Uma das maiores lendas da pediatria, e autor de Pediatria: diagnóstico + tratamento, considerado a “bíblia” da especialidade desde 1978, o dr. Jayme Murahovschi participa, aos 91 anos, de uma das mesas do 7º Congresso Internacional Sabará-PENSI de Saúde Infantil
Na composição da mesa intitulada Os grandes nomes da nutrição pediátrica no 7º Congresso Internacional Sabará-PENSI de Saúde Infantil, a ser realizado em outubro de 2024, não poderia ficar de fora o dr. Jayme Murahovschi. Na certa quem estuda ou exerce a pediatria nos dias de hoje conhece essa chancela, pois seu nome aparece na capa de um dos principais tratados sobre o assunto no Brasil, Pediatria: diagnóstico + tratamento, considerado, desde 1978, uma referência para os pediatras. “Lembro-me bem do que um experiente pediatra me disse uma vez: ‘Todos os médicos usam seu livro; a diferença é que os jovens deixam o livro escondido e vão espiar no fim da consulta e os velhos o abrem despudoradamente na frente dos pacientes’.”

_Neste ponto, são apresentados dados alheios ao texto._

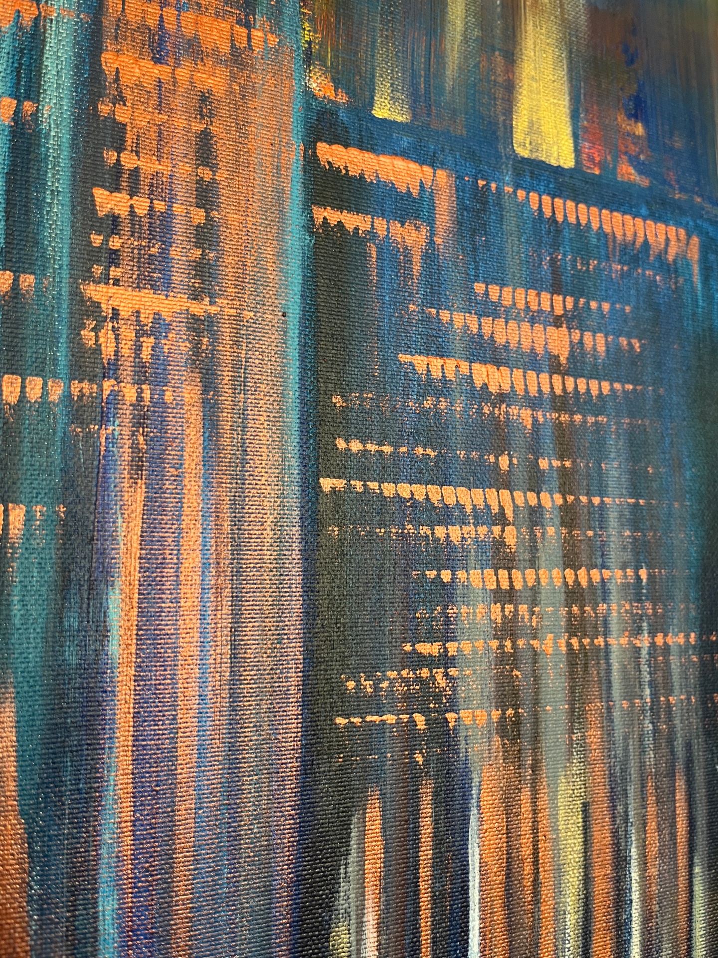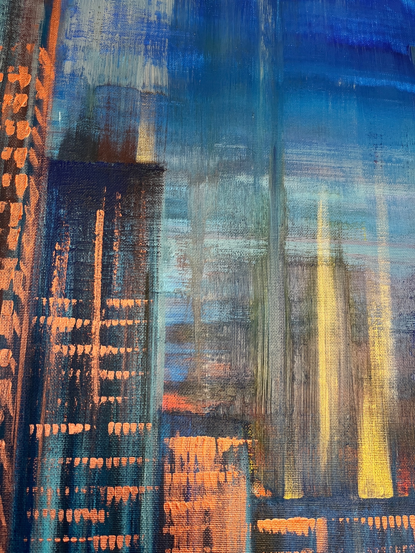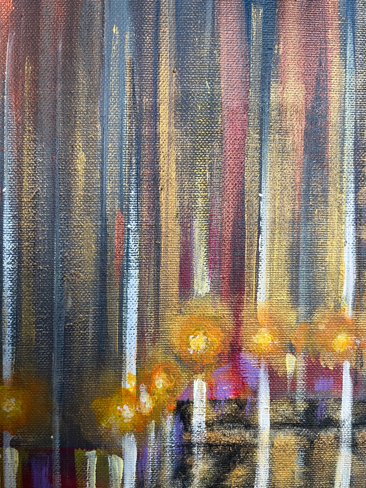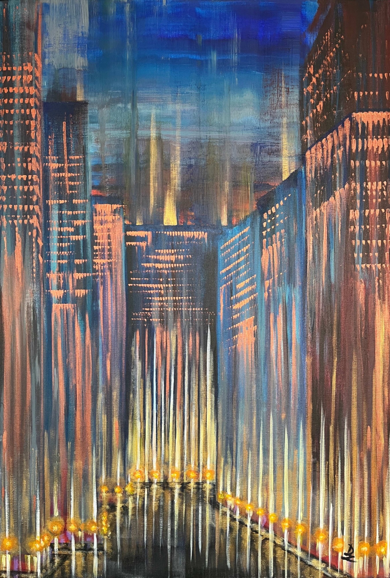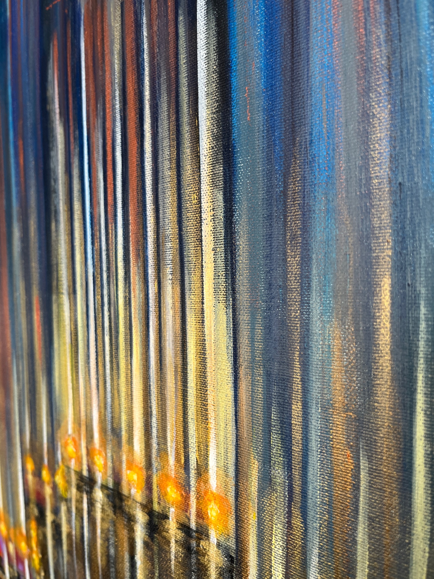 In the artwork, the day is drawing to a close, and the last fiery glimmers of sunset dissolve into the transforming colors of the sky. In this dance between light and darkness, in an almost unreal stillness, the city lights turn on, like solitary voices in a profound silence. After the frenzy, the reflections of the streetlamps shine on the deserted streets, enveloping them in their reassuring embrace, while columns of gold rise upwards, reaching beyond earthly boundaries.

Médico pediatra, especialista em gastroenterologia pediátrica, o dr. Murahovschi é membro vitalício da Academia Brasileira de Pediatria — um dos 30 escolhidos entre cerca de 40 mil pediatras no Brasil — e da Academia de Medicina de São Paulo. Por 35 anos, foi professor titular de pediatria (departamento que foi convidado a criar) da Faculdade de Ciências Médicas de Santos. Ao longo de seis décadas, estima ter atendido 35 mil crianças de três gerações (ele parou de clinicar em 2022). Aos 91 anos, é professor, pesquisador, palestrante e reconhecido autor de livros-referência dessa área.

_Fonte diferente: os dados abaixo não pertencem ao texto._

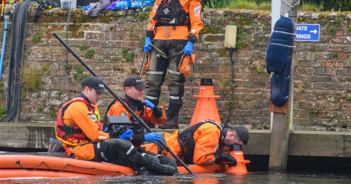 Pictures from the scene show a police team searching for evidence along the riverbank and in the Thames.

Em sua participação no congresso, ele deve discorrer sobre a pediatria dos séculos 20 e 21, relembrando desenvolvimentos que ele viu acontecer, já que iniciou sua prática médica em 1956, época em que os bebês com diarreia sofriam risco de morte. Desde então, é um dos grandes defensores do aleitamento materno, que considera fundamental nos primeiros meses de vida da criança. Leia mais sobre a atuação desse grande formador e orientador de pediatras na entrevista a seguir.
Notícias da Saúde Infantil — Sua linha de pesquisa nas décadas de 1960 a 1980 sobre as diarreias agudas e depois o desenvolvimento da fórmula láctea foram grandes colaborações para a pediatria brasileira. Como enxerga o desenvolvimento no tratamento dessa condição?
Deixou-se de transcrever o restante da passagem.